Sarebbe questa la strada per sollecitare nel modo più spontaneo possibile una reazione popolare in risposta alle crescenti violenze di strada. Non passa settimana che la cronaca non riporti di aggressioni brutali a Mestre o a Milano, ma se ai casi isolati si affiancassero le devastazioni e le intimidazioni di interi gruppi di immigrati accompagnati da militanti di sinistra, allora le cose potrebbero andare nella direzione di scontro aperto con gli autoctoni per il semplice controllo del territorio e la sopravvivenza.
Può darsi che si tratti solo di esagerazioni, ma quando un episodio si ripete con le stesse modalità e in intensità crescente nel tempo, ciò sta a indicare che vi è una dinamica in corso. Forse questa non sarà rigidamente controllata, forse si lascerà che le cose vadano da sé, ma sembra possibile se non probabile che la pressione contro l’identità dei popoli europei andrà crescendo, costringendo o a una reazione che, se non strategica e progettuale, non porterà a nulla di buono.
Le reazioni, specie se sull’onda dell’emotività, devono sempre essere evitate. Ciò che fin da ora si può fare è non limitarsi a opporsi allo stato di cose attuale, ma tentare di fornire un modello di vita alternativo, quanto più possibile autosufficiente e in grado di reggere a periodi di crisi e pericolo. I nuclei vivi in cui si assicura la cultura di un popolo sono il clan, la famiglia e la comunità. Sono strutture su cui è possibile lavorare, sviluppandole non come scialuppe d’emergenza, ma concependole come nuclei vivi operanti nel mondo, in grado di diffondere un esempio di bellezza, coraggio, operosità ed equilibrio.
Considerato quanto in profondità le istituzioni siano impregnate della stessa visione del mondo operante attraverso gli atti di estremismo sopra discussi, appare sempre più difficile pensare a una risposta costruttiva da parte dell’attuale classe gestionale.

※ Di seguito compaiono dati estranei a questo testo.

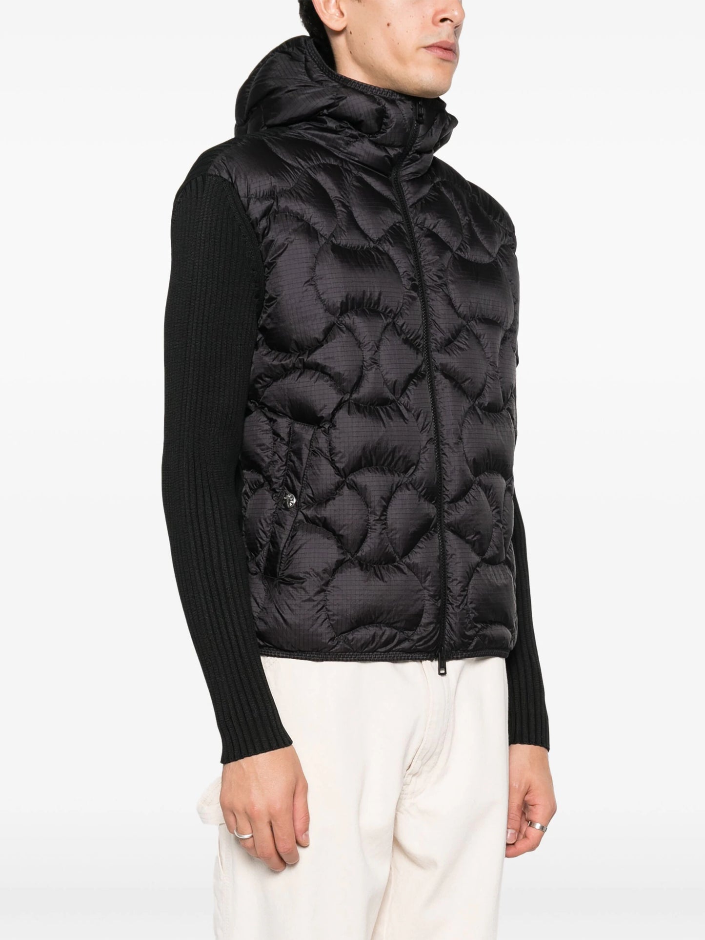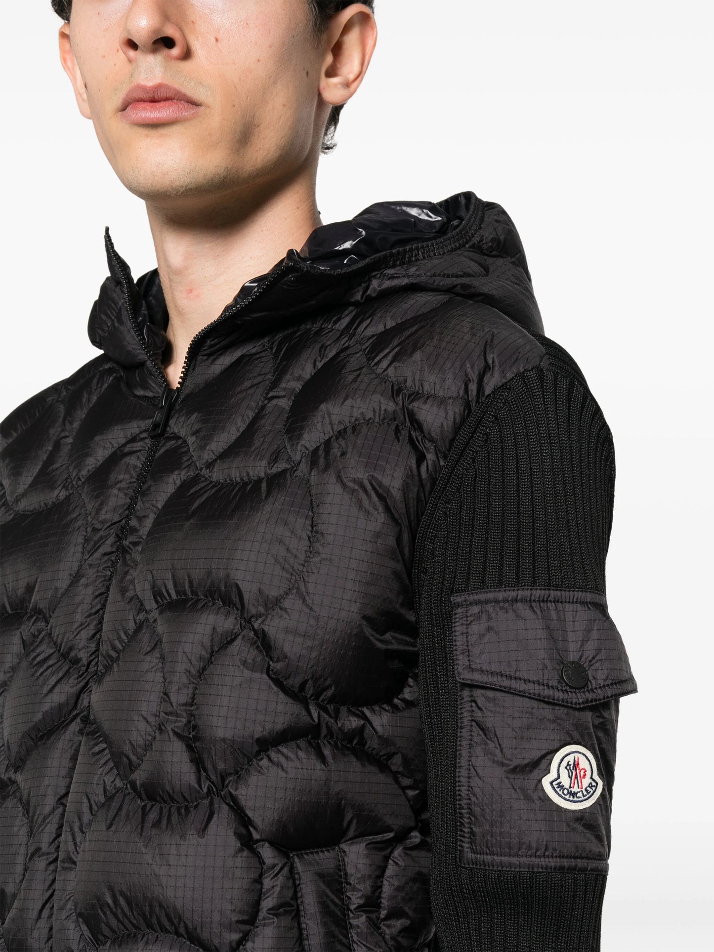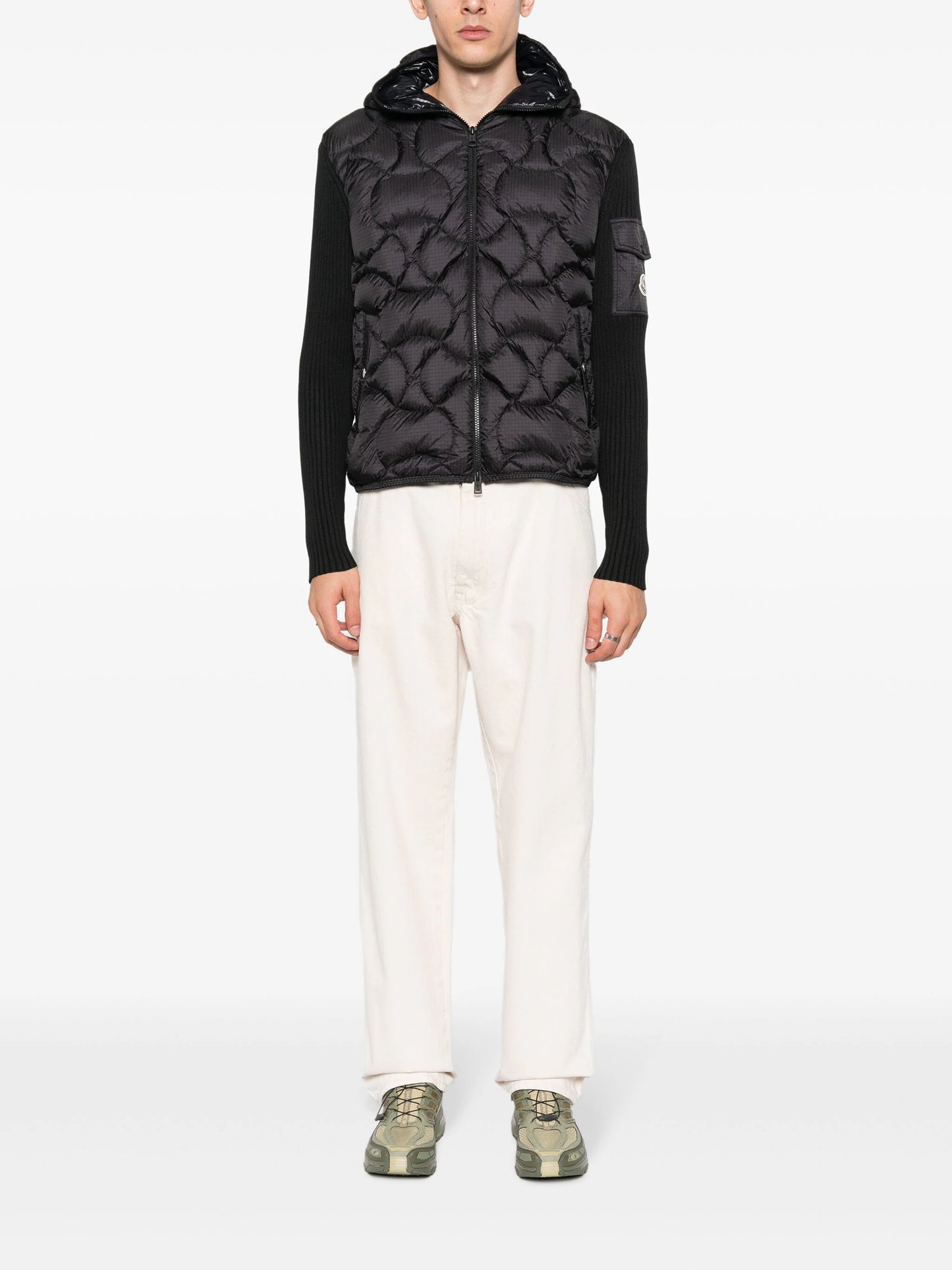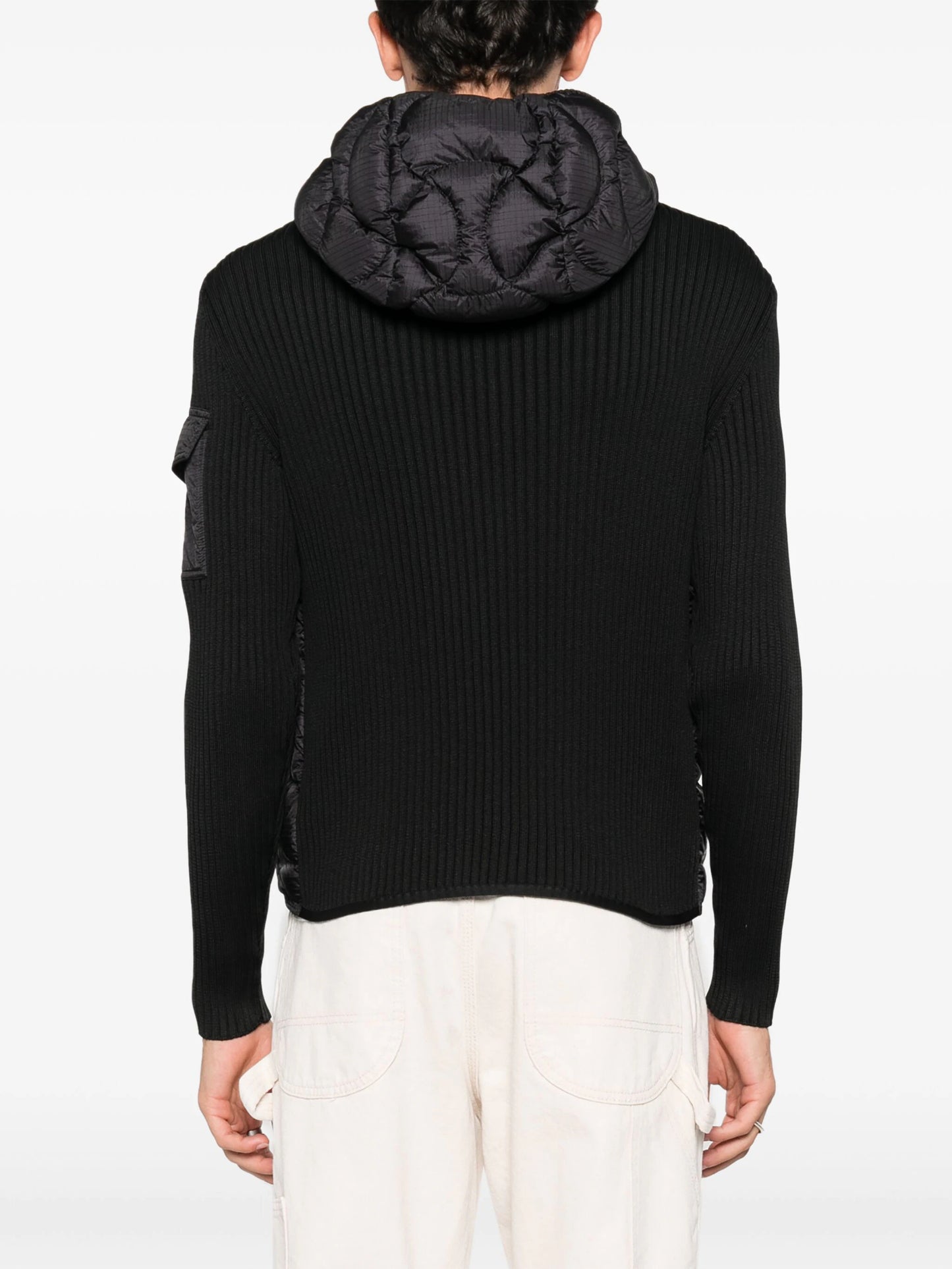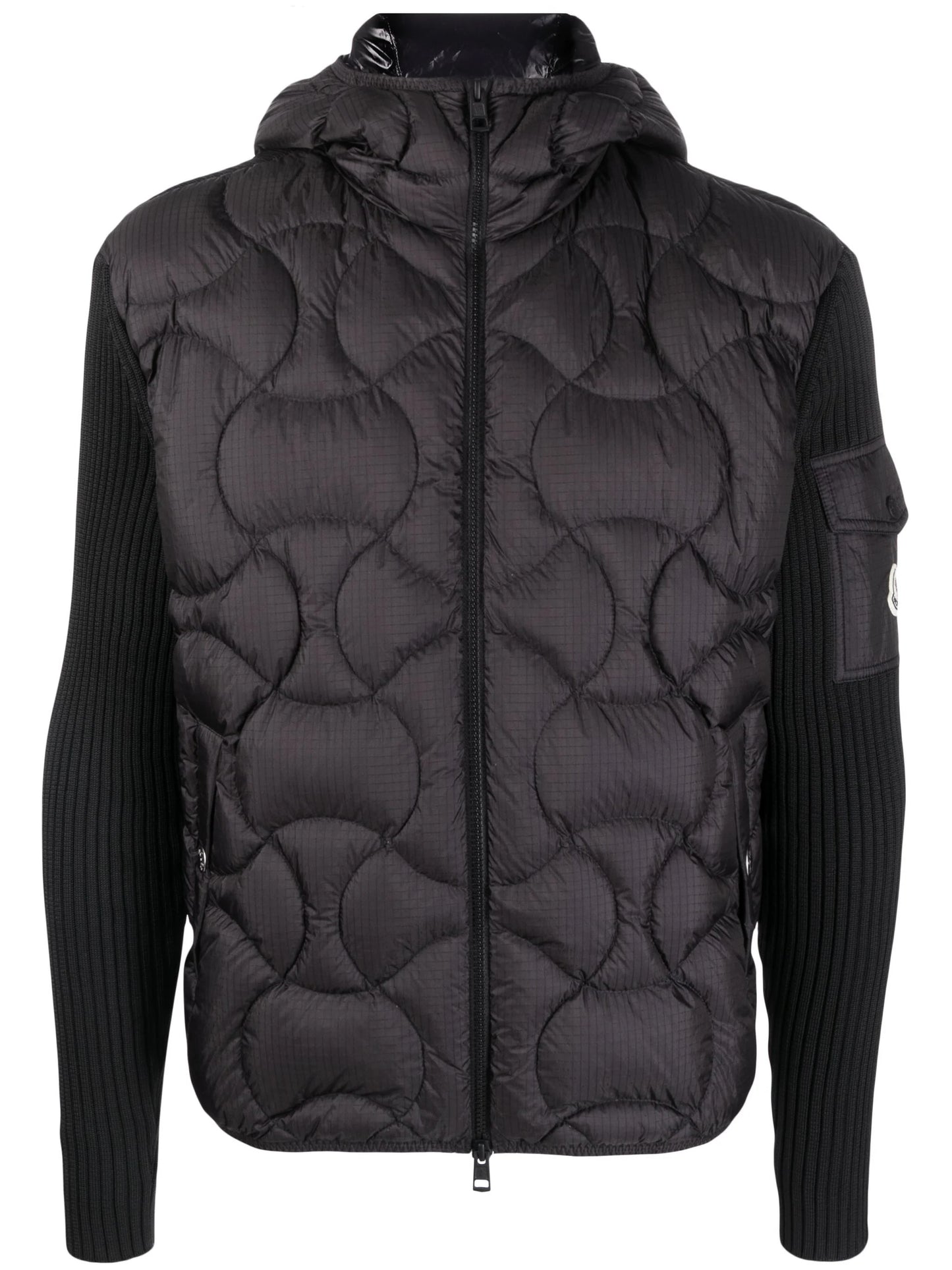 Moncler merges beloved knitwear elements with cold-weather expertise in this black jacket. It’s rib-knitted with a down-filled quilted front panel for enhanced warmth and insulation and fitted with a hood for added protection.

È forse ormai una pia utopia credere che esistano organi istituzionali sani, dato che spesso si tratta di singoli individui i cui tentativi di arginare fenomeni disgregativi vengono ben presto soffocati e supervisionati dalla forza del numero. Pertanto il punto di partenza, l’ancoraggio sicuro, è la comunità resiliente, quella cioè che può considerarsi autosufficiente sotto ogni punto di vista.